| The problem |
Starting with the line with "Een lichtgroene kartonnen" in the entries below and going on through the line with "or damp surroundings", output every line exactly and nothing more. No pictures.

| Dataset entries |
_ _ _ _

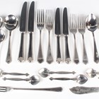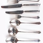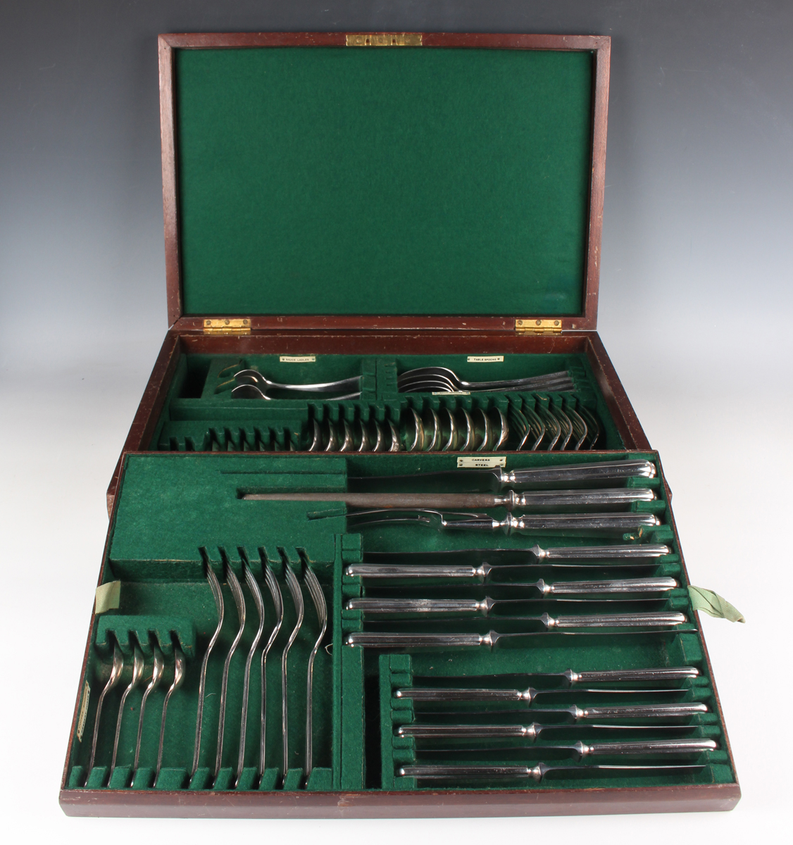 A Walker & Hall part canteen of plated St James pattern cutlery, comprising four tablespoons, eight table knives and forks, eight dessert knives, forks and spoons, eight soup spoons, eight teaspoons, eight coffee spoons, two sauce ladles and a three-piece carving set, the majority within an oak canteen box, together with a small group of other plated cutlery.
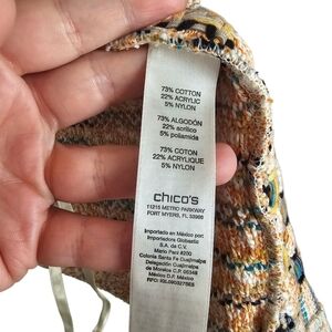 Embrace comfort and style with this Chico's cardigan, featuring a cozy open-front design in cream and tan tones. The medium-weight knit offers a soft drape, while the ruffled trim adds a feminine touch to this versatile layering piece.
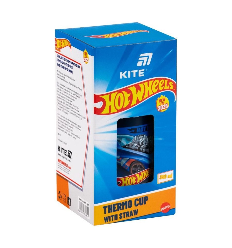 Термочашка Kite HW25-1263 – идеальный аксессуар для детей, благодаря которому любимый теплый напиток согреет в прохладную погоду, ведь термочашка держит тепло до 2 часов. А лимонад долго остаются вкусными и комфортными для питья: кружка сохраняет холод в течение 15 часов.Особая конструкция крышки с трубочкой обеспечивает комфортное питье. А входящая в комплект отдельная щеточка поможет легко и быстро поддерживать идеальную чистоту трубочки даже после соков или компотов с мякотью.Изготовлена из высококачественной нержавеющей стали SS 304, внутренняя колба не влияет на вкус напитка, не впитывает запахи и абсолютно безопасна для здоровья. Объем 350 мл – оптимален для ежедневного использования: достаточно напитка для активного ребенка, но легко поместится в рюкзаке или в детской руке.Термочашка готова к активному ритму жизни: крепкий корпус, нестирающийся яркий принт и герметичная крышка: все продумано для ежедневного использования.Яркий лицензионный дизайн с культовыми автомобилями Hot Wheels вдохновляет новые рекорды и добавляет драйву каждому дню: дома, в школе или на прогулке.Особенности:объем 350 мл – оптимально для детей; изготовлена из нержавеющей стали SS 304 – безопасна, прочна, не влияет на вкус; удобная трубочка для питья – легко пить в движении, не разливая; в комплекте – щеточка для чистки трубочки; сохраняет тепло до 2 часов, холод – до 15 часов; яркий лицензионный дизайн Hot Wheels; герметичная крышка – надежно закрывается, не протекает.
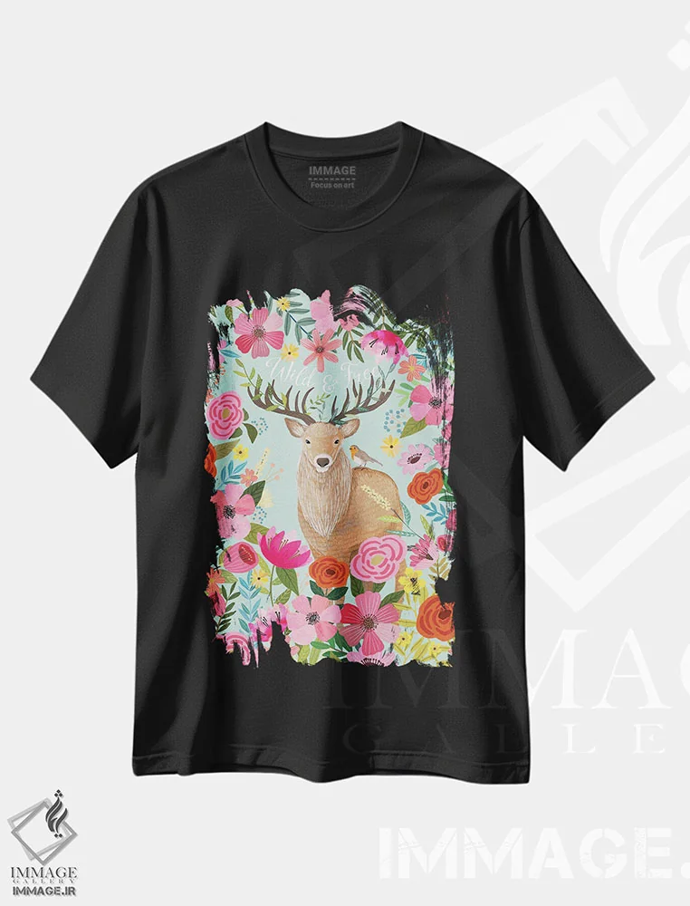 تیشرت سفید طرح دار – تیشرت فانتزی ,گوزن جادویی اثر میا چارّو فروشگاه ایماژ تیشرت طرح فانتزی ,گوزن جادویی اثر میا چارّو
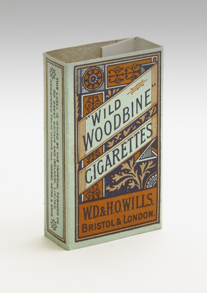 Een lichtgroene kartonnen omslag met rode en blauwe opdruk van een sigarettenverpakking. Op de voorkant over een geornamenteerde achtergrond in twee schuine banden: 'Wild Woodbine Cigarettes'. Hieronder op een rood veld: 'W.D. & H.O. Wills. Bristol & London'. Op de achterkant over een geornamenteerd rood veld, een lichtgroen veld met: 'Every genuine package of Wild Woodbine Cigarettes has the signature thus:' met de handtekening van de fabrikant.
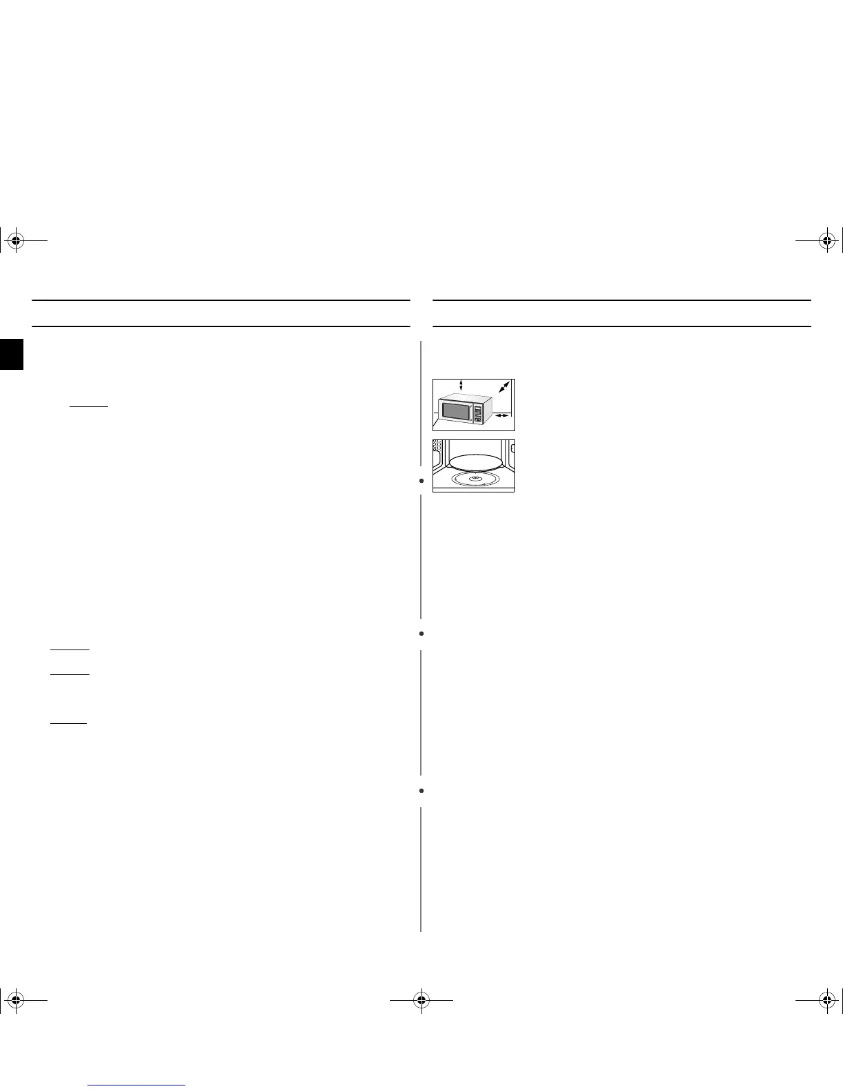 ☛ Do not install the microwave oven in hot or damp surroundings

_ _ _ _

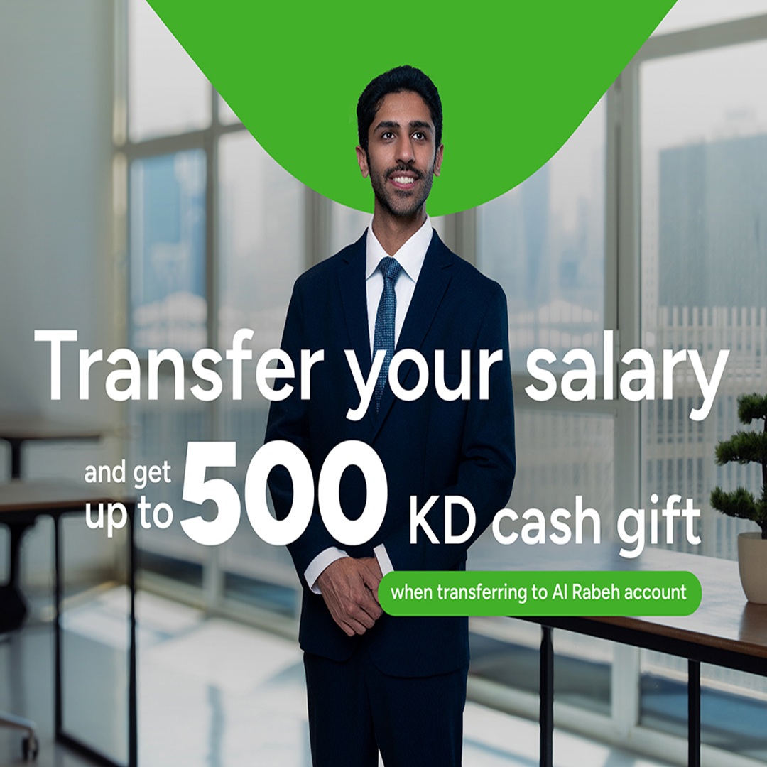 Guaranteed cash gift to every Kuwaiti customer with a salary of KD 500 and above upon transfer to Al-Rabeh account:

_ _ _ _

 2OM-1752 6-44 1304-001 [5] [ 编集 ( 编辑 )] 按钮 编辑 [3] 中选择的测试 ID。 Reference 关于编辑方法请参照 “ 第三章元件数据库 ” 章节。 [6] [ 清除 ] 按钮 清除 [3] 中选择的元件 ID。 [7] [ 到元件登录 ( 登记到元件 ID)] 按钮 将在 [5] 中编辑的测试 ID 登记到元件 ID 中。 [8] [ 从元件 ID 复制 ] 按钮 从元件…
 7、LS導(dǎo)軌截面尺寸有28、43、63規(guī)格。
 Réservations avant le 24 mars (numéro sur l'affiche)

_ _ _ _

| Exercise output |
 Een lichtgroene kartonnen omslag met rode en blauwe opdruk van een sigarettenverpakking. Op de voorkant over een geornamenteerde achtergrond in twee schuine banden: 'Wild Woodbine Cigarettes'. Hieronder op een rood veld: 'W.D. & H.O. Wills. Bristol & London'. Op de achterkant over een geornamenteerd rood veld, een lichtgroen veld met: 'Every genuine package of Wild Woodbine Cigarettes has the signature thus:' met de handtekening van de fabrikant.
 ☛ Do not install the microwave oven in hot or damp surroundings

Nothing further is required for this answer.